§ **What is expected**: Output, exactly and with no pictures, the line that contains "Repair kit for" and every line that comes after it in the data below, the last one included.

§ **Exercise data**:
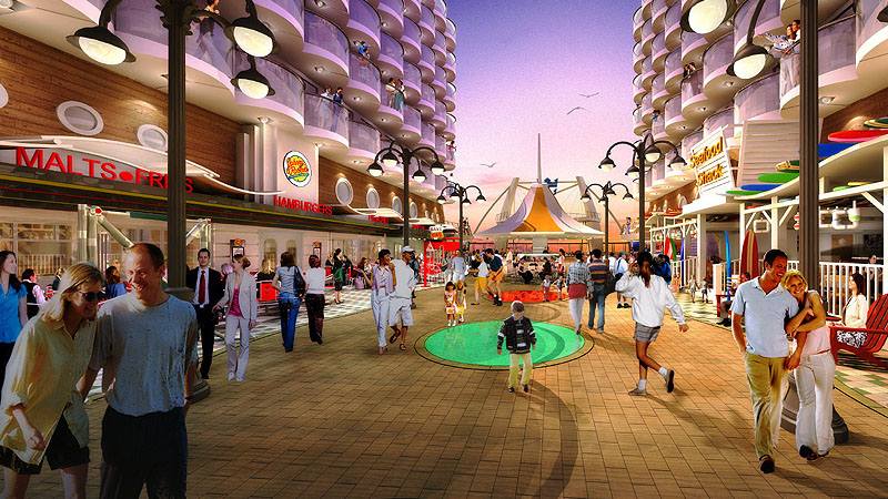 This is located mid-ship and is literally a park on the Allure. It has all real plants, and you can hear birds singing and crickets chirping. There are benches where you can just sit and watch the people walk by… you feel as though you are really in New York’s Central Park. The park is open air so that you can see the stars at night, and it’s beautiful! This is also where some of the signature restaurants are located.
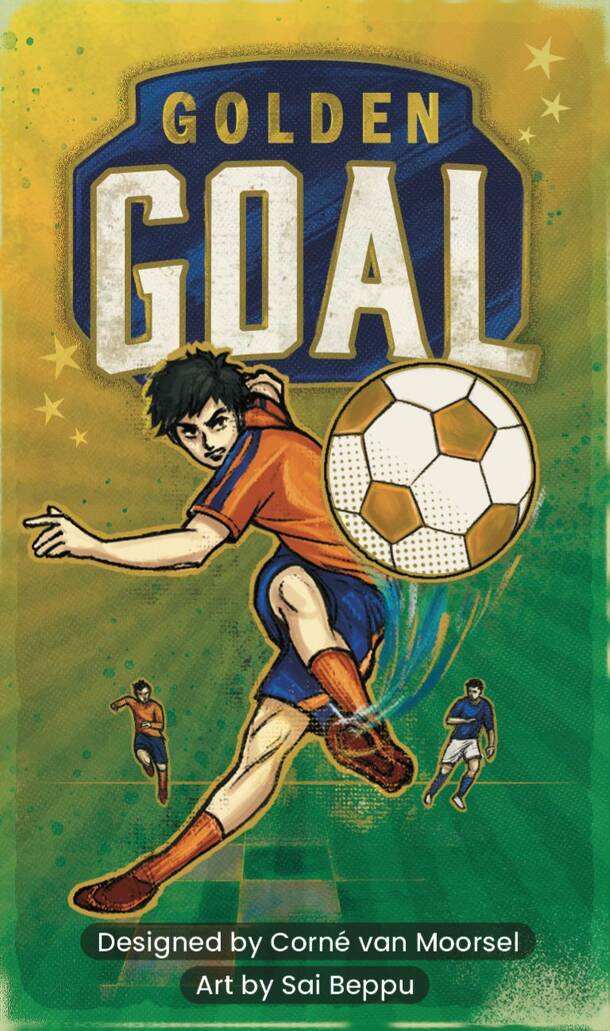 Golden Goal "simulates" a Soccer World ChampionShip in which each player is a country. A player is going to play twice against every opponent. A single match consists of a few throws of special dice (with 5 black sides and 1 ball side). In addition, one can play special cards (penalty, goalie, etc...) to modify the number of goals. This game is very...
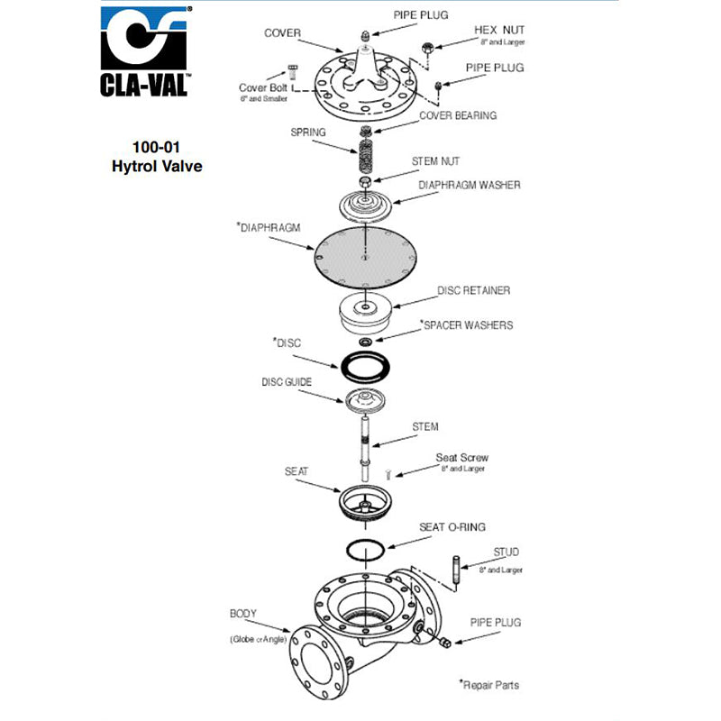 Repair kit for Cla Val model 100-01 and 100-20 reduced internals Hytrol valves.
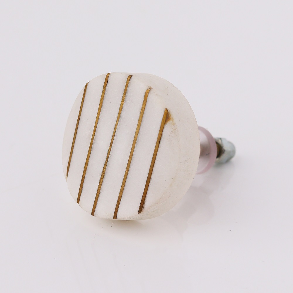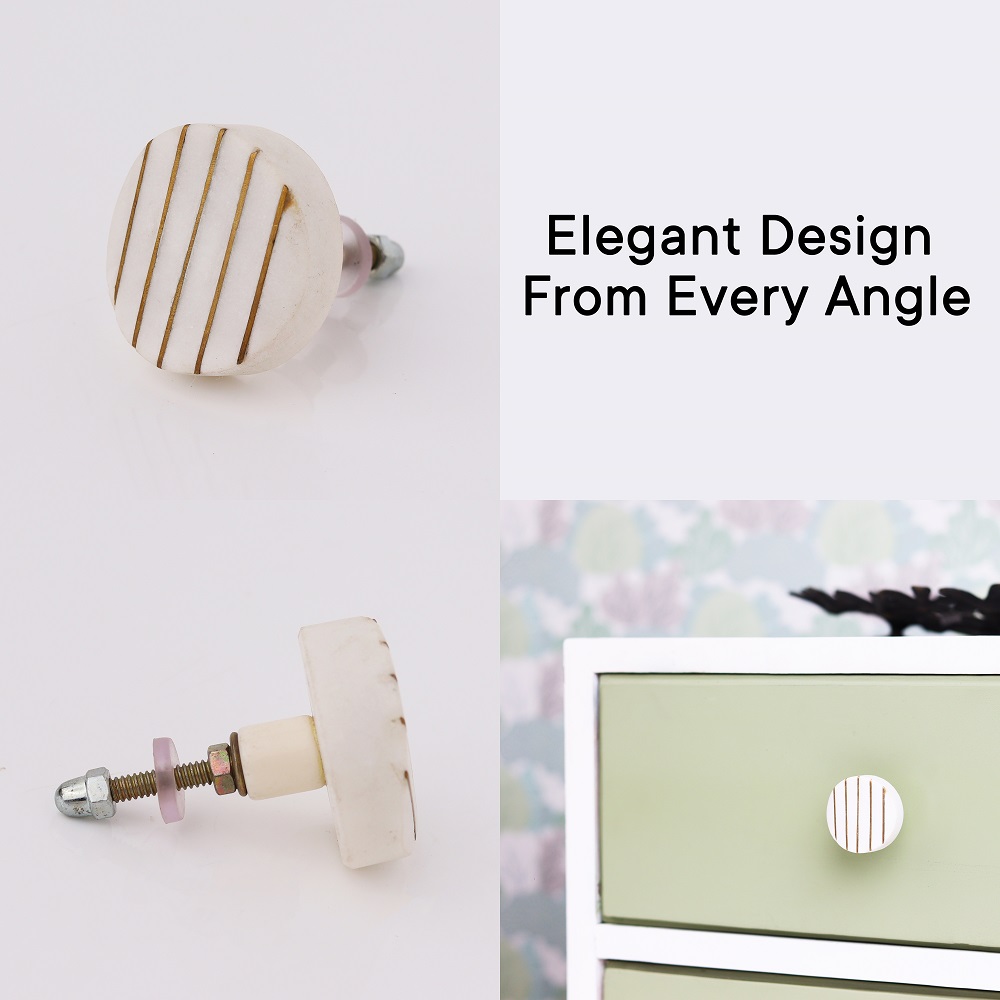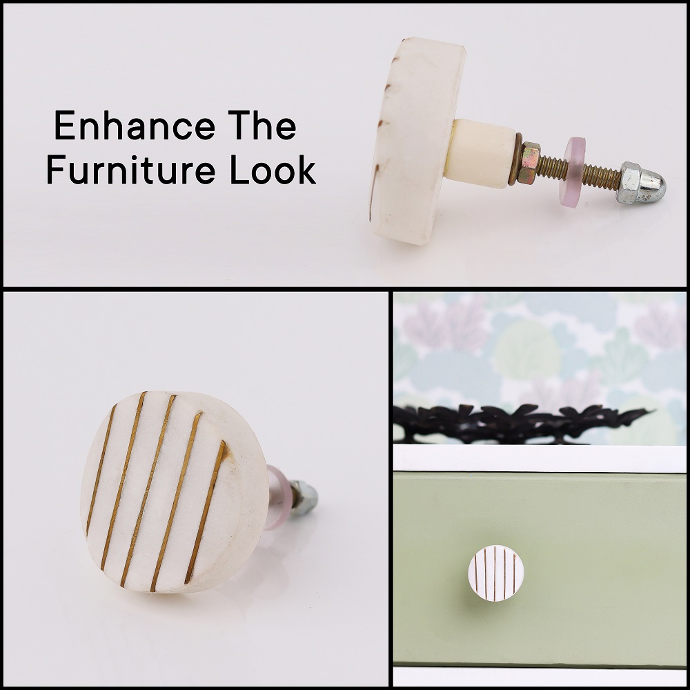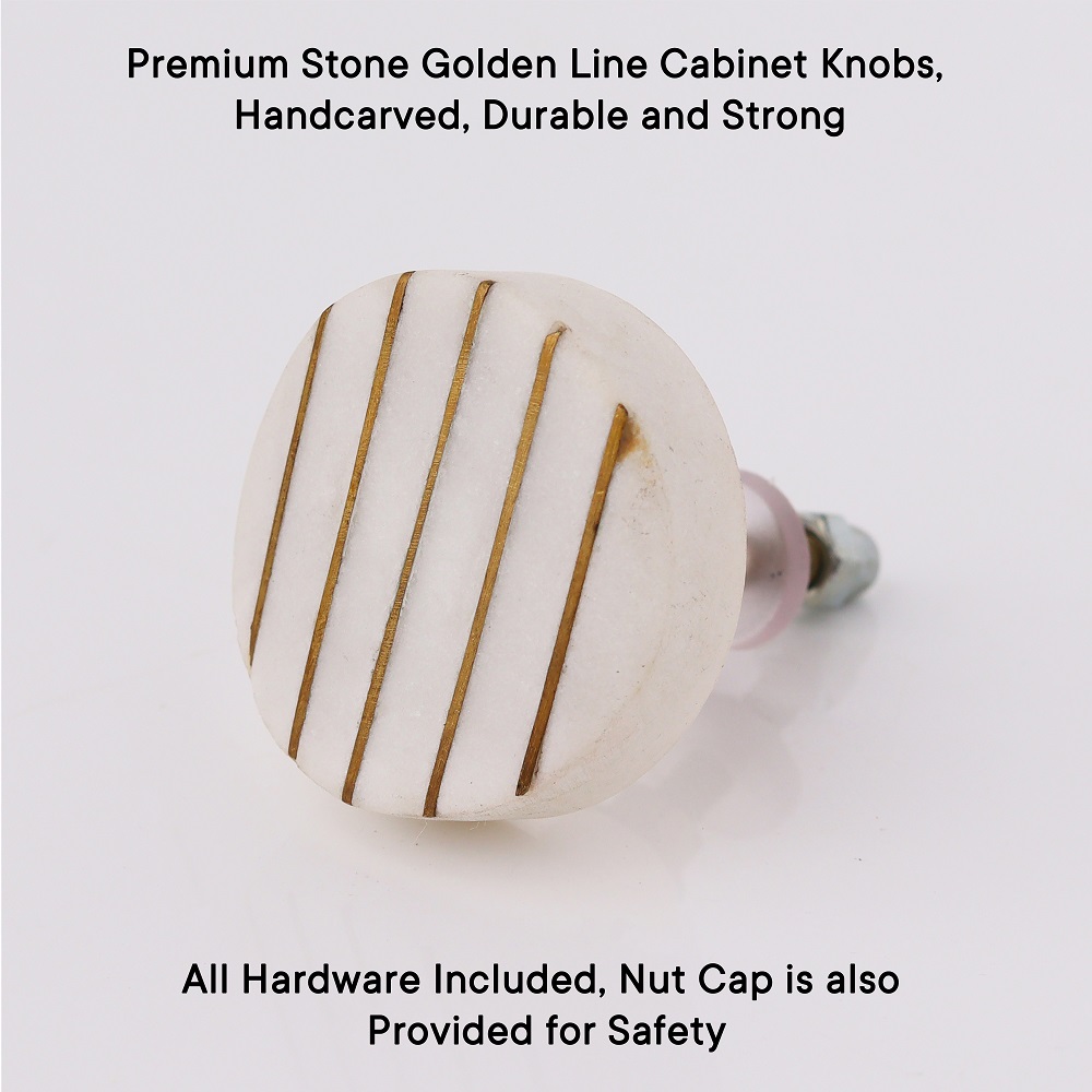 Crafted with high-quality materials, these cabinet knobs are built to last. The sturdy white stone construction provides reliable functionality while maintaining their elegance over time. The golden line detailing is securely incorporated, ensuring the design remains intact for years.

§ **Written solution**:
 Repair kit for Cla Val model 100-01 and 100-20 reduced internals Hytrol valves.
 Crafted with high-quality materials, these cabinet knobs are built to last. The sturdy white stone construction provides reliable functionality while maintaining their elegance over time. The golden line detailing is securely incorporated, ensuring the design remains intact for years.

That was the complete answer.